Computing date gaps or waiting times. The first graph displays the date gaps (also called waiting times) between successive events. The first event occurs on January 24, so you waited 23 days from the beginning of the calendar year (January 1). The second event occurs on February 12. There are 7 days left in January, and when you add that to the 12 days in February, you get a date gap of 19 days.

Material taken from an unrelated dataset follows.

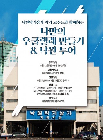 낙원악기상가의 인기 프로그램인 ‘낙원 투어’와 ‘나만의 우쿨렐레 만들기’가 서울시에서 진행하는 ‘2019년 창덕궁 앞 역사인문재생지역 주민공모사업’에 선정돼 더욱 풍성해져 돌아왔다.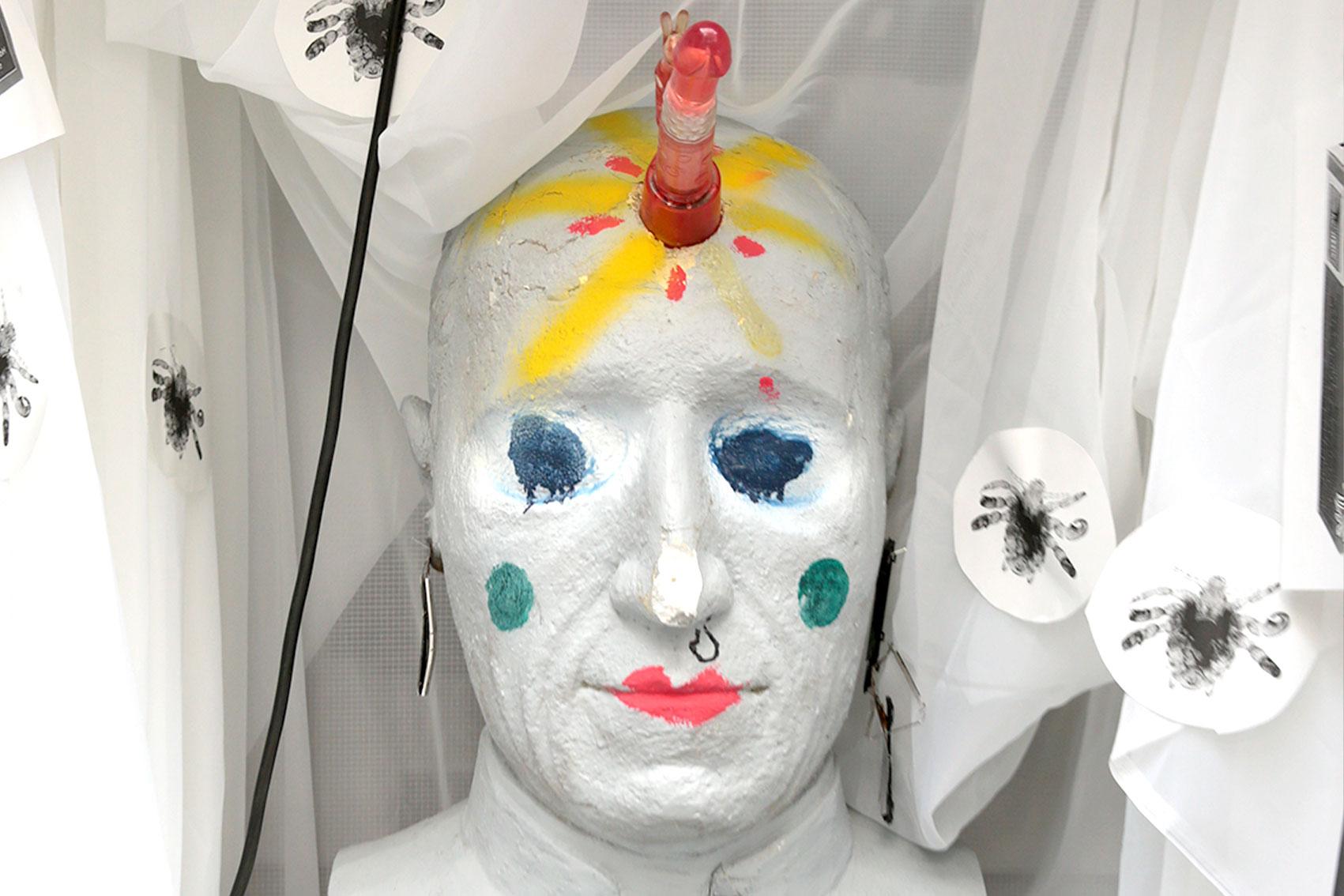 The artwork can be interpreted as a critical reflection on mechanisms of social exclusion and discrimination, deliberately provoking the viewer while encouraging them to question their own patterns of thought. Its visual complexity and subversive humor evoke parallels to diagrammatics, a method that seeks to visualize complex relationships or structures in unconventional ways. Diagrams often disrupt classical orders and facilitate thinking beyond linear systems— an approach that is palpable in this installation.

Two or more events on the same day. There are actually two events on February 12. How do you handle two or more events on the same day? There are several approaches that work reasonably well. The one I like is to consider that an event that occurs on a given day occurs at a random time between 0 hours and 24 hours. We don't know what that time is, so for convenience, we set the time to 12 hours or noon. If there were two events on the same day, you could place both events at noon, but then you have a zero difference, which leads to some complications. Instead, place one of the events at 6 hours and the other at 18 hours. If three events occur on the same day, place the first event at 4 hours, the second at 12 hours and the third at 20 hours. If four events occur on the same day, place the first event at 3 hours, the second at 9 hours, the third at 15 hours and the fourth at 21 hours.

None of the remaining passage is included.